Twenty years later Bull Durham is still drawing laughs. The film, which tells the story of immature fireballer Nuke LaLoosh (Tim Robbins), crusty catcher Crash Davis (Kevin Costner) and the spunky groupie Annie Savoy (Sarandon) who can't choose between the two, consistently tops lists of the best sports movies. (It was No. 1 in SI's 2003 ranking.) Meanwhile, such lines as "Throw some ground balls—it's more democratic" and "A player on a streak has to respect the streak" have become dugout staples across the baseball world. In Durham, N.C., where Shelton drew inspiration from the real Triple A Bulls, the team still sells movie memorabilia at Durham Bulls Athletic Park, which features a replica of the movie's HIT BULL WIN STEAK bovine sign in leftfield. Bulls attendance soared after the movie and continues to be robust.

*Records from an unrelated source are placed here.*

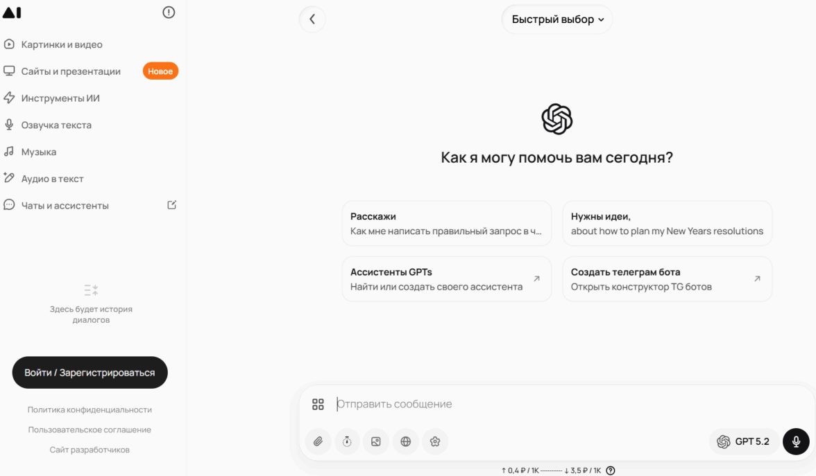 Формат работы: текстовый чат, генерация идей, обработка длинных статей.
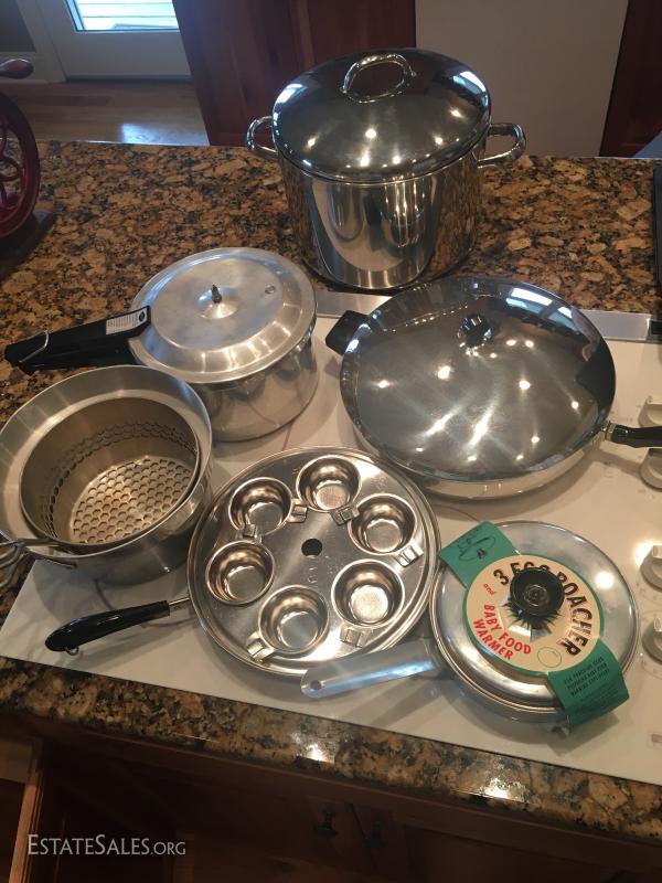 Stainless Steel pots and pans includes Egg poacher, baby food warmer and more.
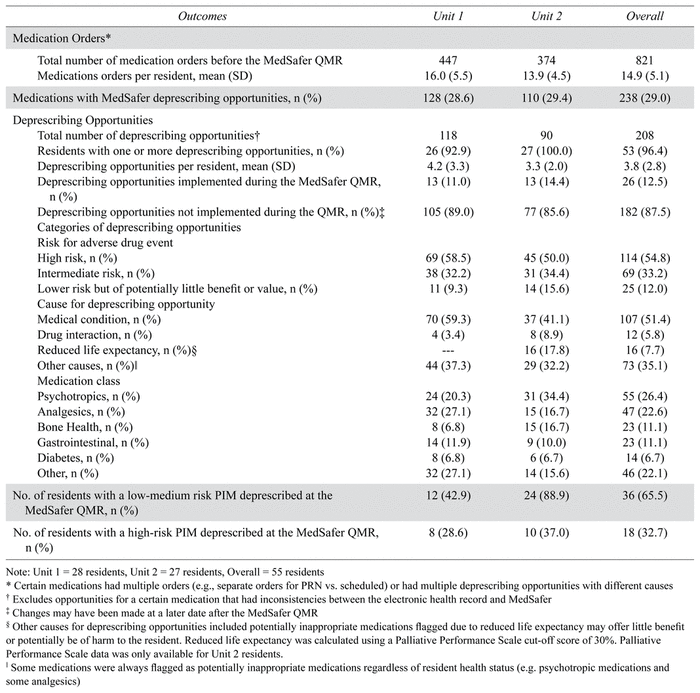 MedSafer identified deprescribing opportunities for 53 out of the 55 residents across both units (96.4%; Table 2). Commonly flagged PIMs included psychotropics and opioid analgesics for chronic non-cancer pain. Nearly a third of residents (32.7%) had a PIM deprescribed at the MedSafer QMR. The reasons for deprescribing included: 1) MedSafer identified the PIM as potentially having little added benefit (5 deprescribed/25 identified or 20.0%), 2) reduced resident life expectancy (4/16 or 25.0%), and 3) overly tight control of diabetes (6/14 or 42.9%).
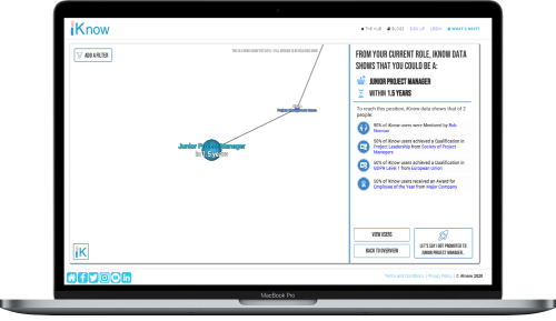 Our Artificial Intelligence-powered "What's Next?" tool allows you to see where other iKnow users have progressed in their careers from where you currently are. Is there a secret course, qualification or degree you might need to fast-track to success? The data you supply helps both you and others to work out the answers.

Shelton had already written a sports movie (1986's The Best of Times) before Bull Durham, and in the ensuing years he has become Hollywood's celluloid-sports go-to guy, writing and/or directing White Men Can't Jump and Blue Chips (basketball); Tin Cup (golf); The Great White Hype and Play It to the Bone (boxing); and Cobb (baseball). He has two baseball movies in the works, including an HBO adaptation of the BALCO-themed book Game of Shadows—"think All the President's Men meets The Gang That Couldn't Shoot Straight with a little Traffic thrown in," he says. And that makes him think of 1988, too. Shelton was at Game 1 of the World Series that year and recalls Jose Canseco's second-inning grand slam for the A's. "Even then, Dodgers fans were chanting 'Steroids! Steroids!' while Jose made muscleman poses," says Shelton. "It took 20 years for people to catch on? Well, when people ask me why it took 20 years to make another good baseball movie, there's your answer."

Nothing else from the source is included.